From: "Rémi Dewitte" <remi@gide.net>
To: yminsky@gmail.com
Cc: caml-list@yquem.inria.fr
Subject: Re: [Caml-list] Threads performance issue.
Date: Tue, 17 Feb 2009 08:40:11 +0100 [thread overview]
Message-ID: <2184b2340902162340s540c5ac7g9f42b59d03f643cb@mail.gmail.com> (raw)
In-Reply-To: <2184b2340902160937i53b8f3fbga01eaf14ed829f8f@mail.gmail.com>
[-- Attachment #1.1: Type: text/plain, Size: 6548 bytes --]
I have made some further experiments.
I have a functional version of the reading algorithm.
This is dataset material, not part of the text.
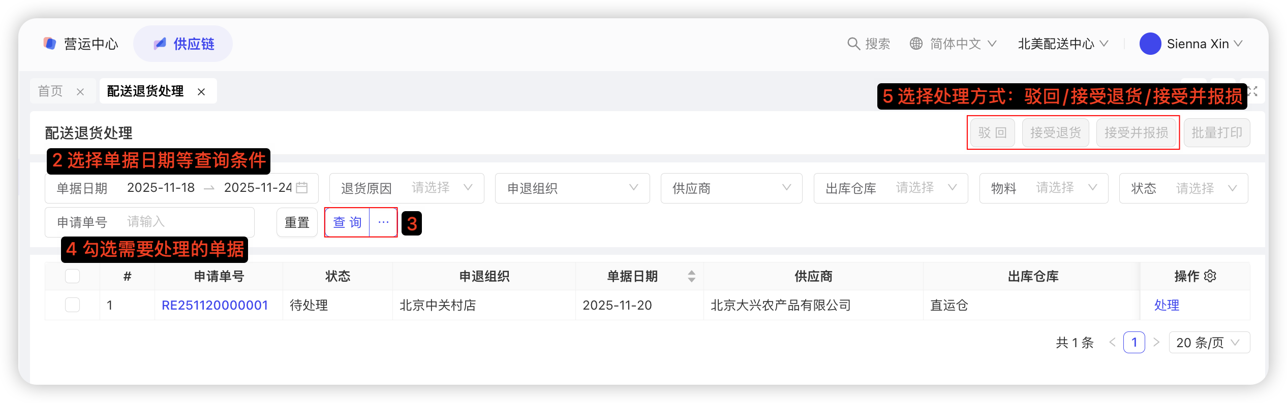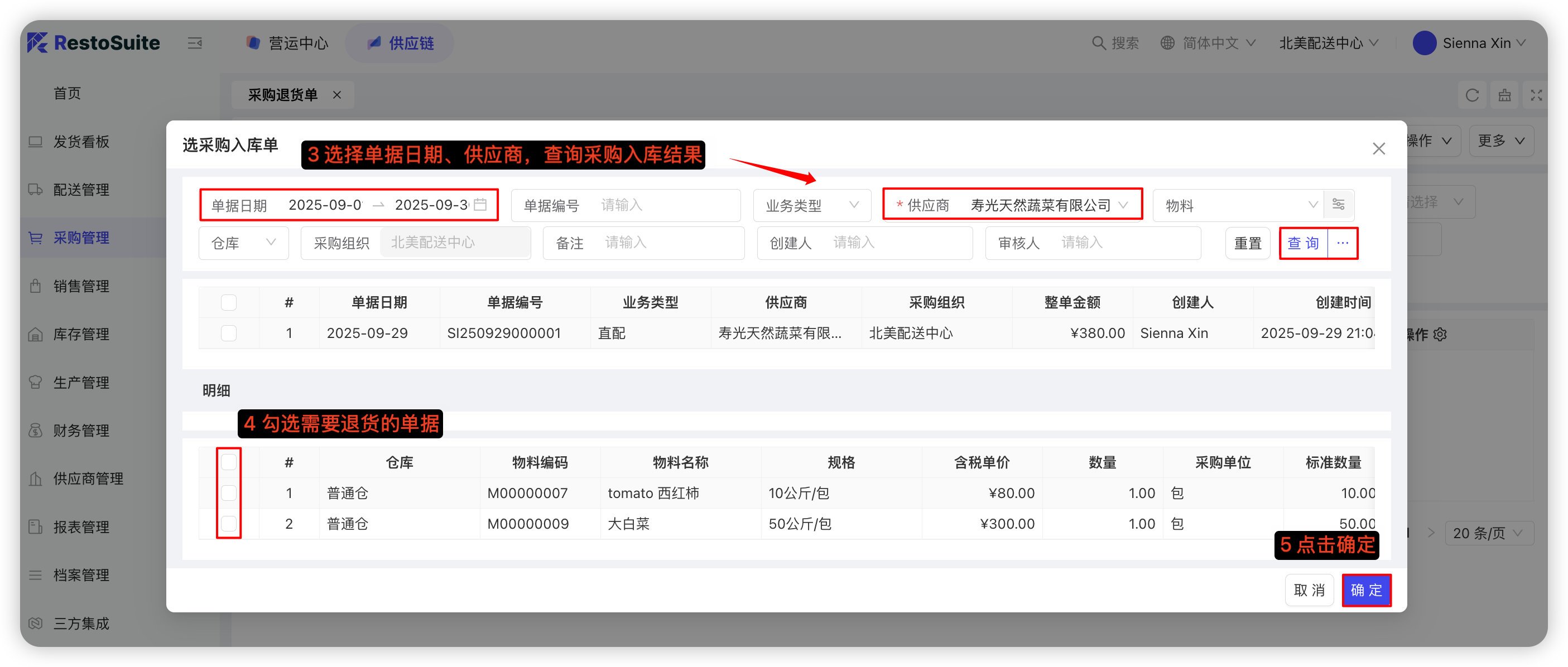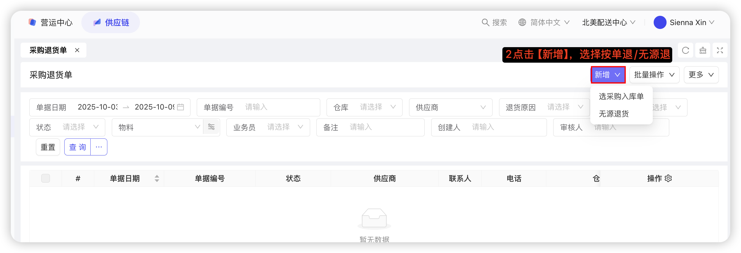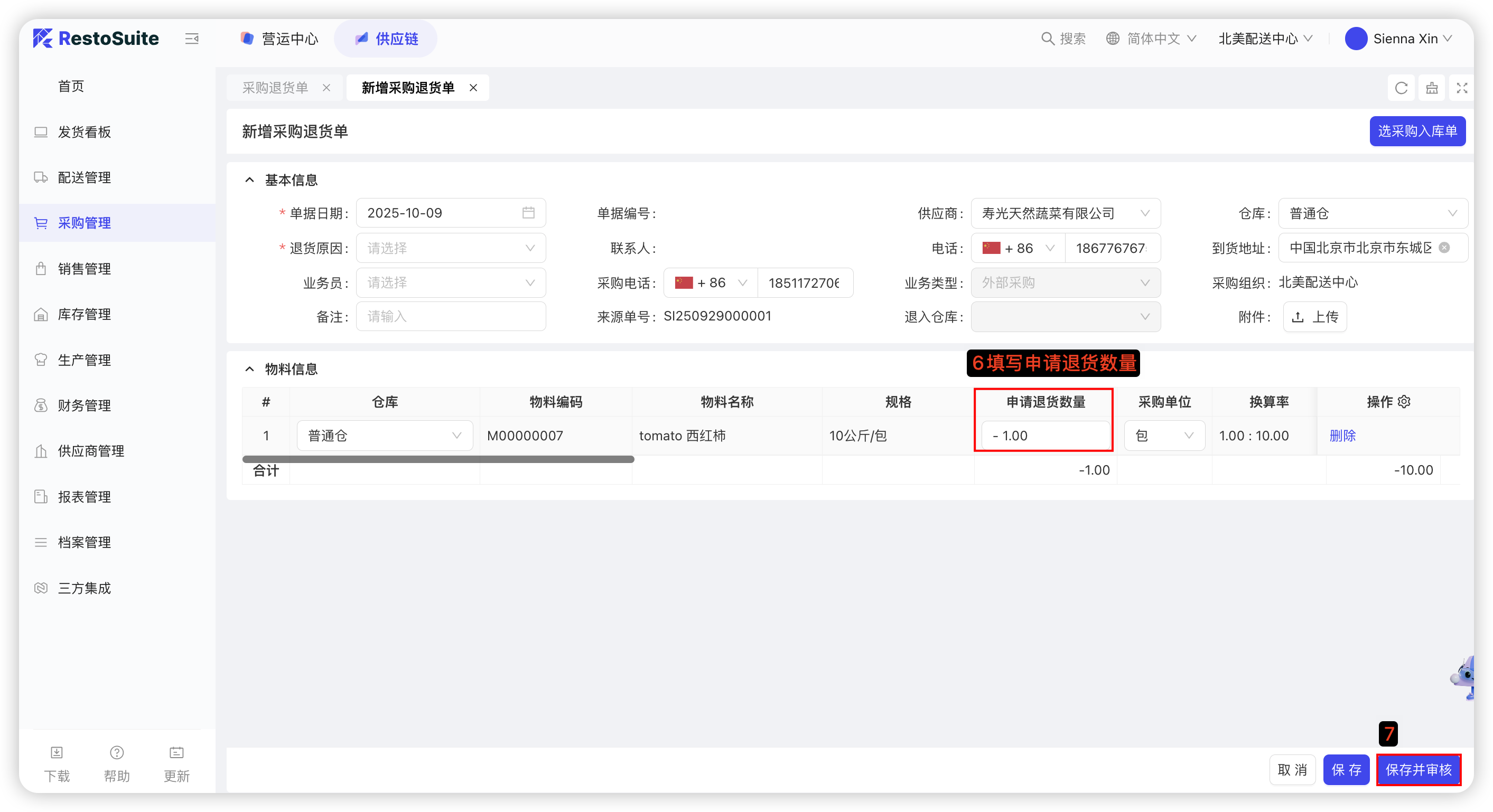【配送中心视角-供应链板块-采购管理-采购退货单】—点击【新增】,选择按采购入库单新增/无源退货,若选择采购入库单退货,则点击【选采购入库单】—选择单据日期、供应商,点击查询—勾选需要退货单据—点击确定—填写申请退货数量—点击【保存并审核】,具体截图如下:

I have the original
imperative version of the algorithm.
Either it is linked to thread (T) or not (X). Either it uses extlib (E) or
not (X).
Results are.
XX TX XE TE
Imperative | 3.37 | 7.80 | 3.56 | 8.40
Functional | 4.20 | 8.28 | 4.47 | 9.08
test.csv is a 21mo file with ~13k rows and a thousands of columns on a 15rpm
disk.
ocaml version : 3.11.0
uname -a gives
Linux localhost 2.6.28.4-server-1mnb #1 SMP Mon Feb 9 09:05:19 EST 2009 i686
Intel(R) Core(TM)2 Duo CPU E8400 @ 3.00GHz GNU/Linux
While I think I have to find improvements to the functional version, I
struggle finding a rationale behind this high loss of performance while I am
not even using threads, just linking to...
Cheers,
Rémi
On Mon, Feb 16, 2009 at 18:37, Rémi Dewitte <remi@gide.net> wrote:
> Yaron,
>
> I use a slightly modified version of the CSV library's load_rows . Here is
> the main code which is highly imperative style. I might transform it in
> purely functional style ?
>
> The main program is :
>
> open Printf;;
> open Sys;;
> let timed_exec start_message f =
> print_string start_message;
> let st1 = time () in
> let r = f () in
> print_endline ("done in " ^ (string_of_float ((time ()) -. st1)) );
> r;;
>
> (* This line enabled makes the program really slow ! *)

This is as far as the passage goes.